Hi, this is the question from My book, i Will show

My progress aswell

Problem:A vector u has got the coordinates

(1,2) in Two different basis (e1,e2) and (f1,f2).

We know That f1-f2 = e1+e2. Find the

General relationship between the coordinates

In both of the basis

My progress

First of all.

I use Two formulas

(1) y=t(inverse)*x.

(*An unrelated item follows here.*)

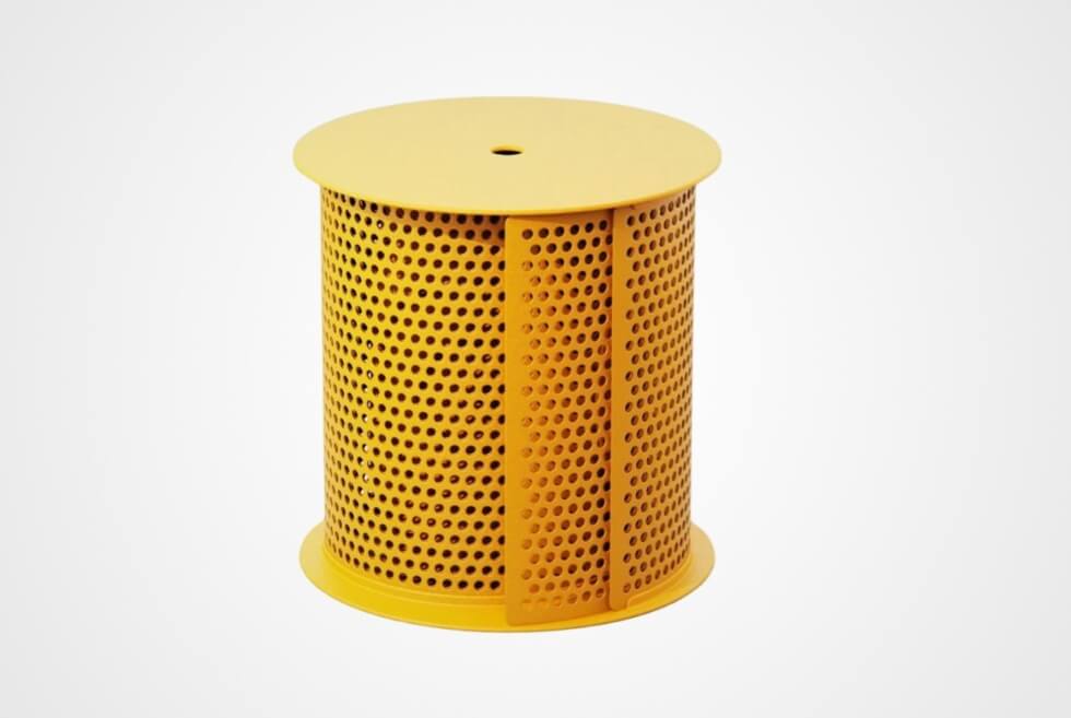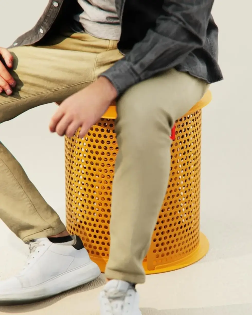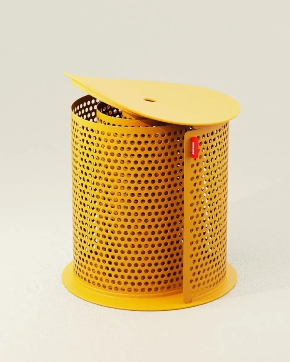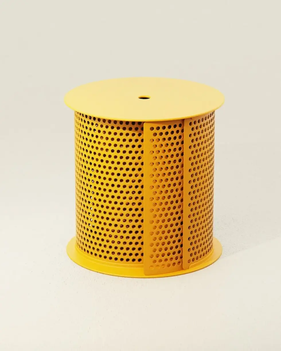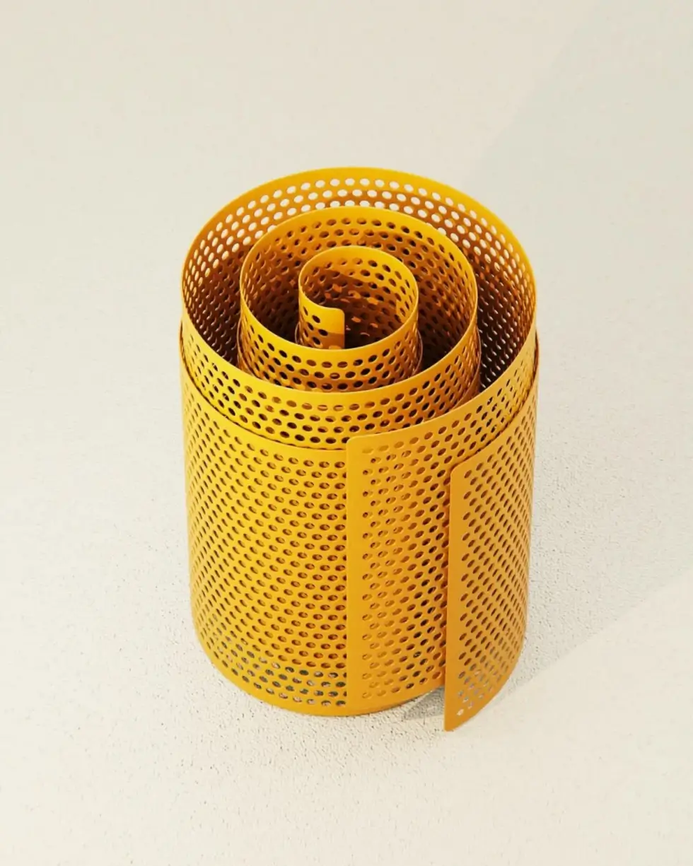 Made entirely from sheet metal, the “beautifully engineered” coil-formed body locks into place as it forms. Despite the lack of screws or weld points, it is sturdy enough to hold various things and even to sit on. Meanwhile, its geometric form with round holes along with the monochromatic yellow finish add a pop of color to any interior setup.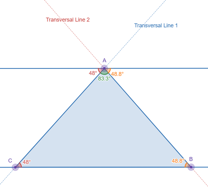 If two parallel lines are cut by a non-perpendicular transversal, which type of angles are not congruent?

T = change of basis Matrix

(2) x=t*y

So i try to set up two different change of basis

Matrices one for the basis of e and with f

To be exact i mean e1+2e2 and F1+2f2

So i use these values to create Two different matrices

T(f)= 1 1

-1 2

And t(e) = 1 1

1 2

I have written the basis values from their

Rows to columns and placed them in the

First columns

I need the general relationship

So i assume That i need the inverse

Of the f:s basis and because formula

With the y has got t inverse

Y represents f basis and i assume

That i need to invert the matrix

Of t(f)

Through gaussian elimination

Or determinants i get inverse of t(f)

1/3. * 2 -1

1 1

How can i proceed to get

The general relationship between

The coordinates in the Two basis?

Can someone Solve this for me

The right answer should be

(y1,y2) = (x1, -4*x1 + 3*x2)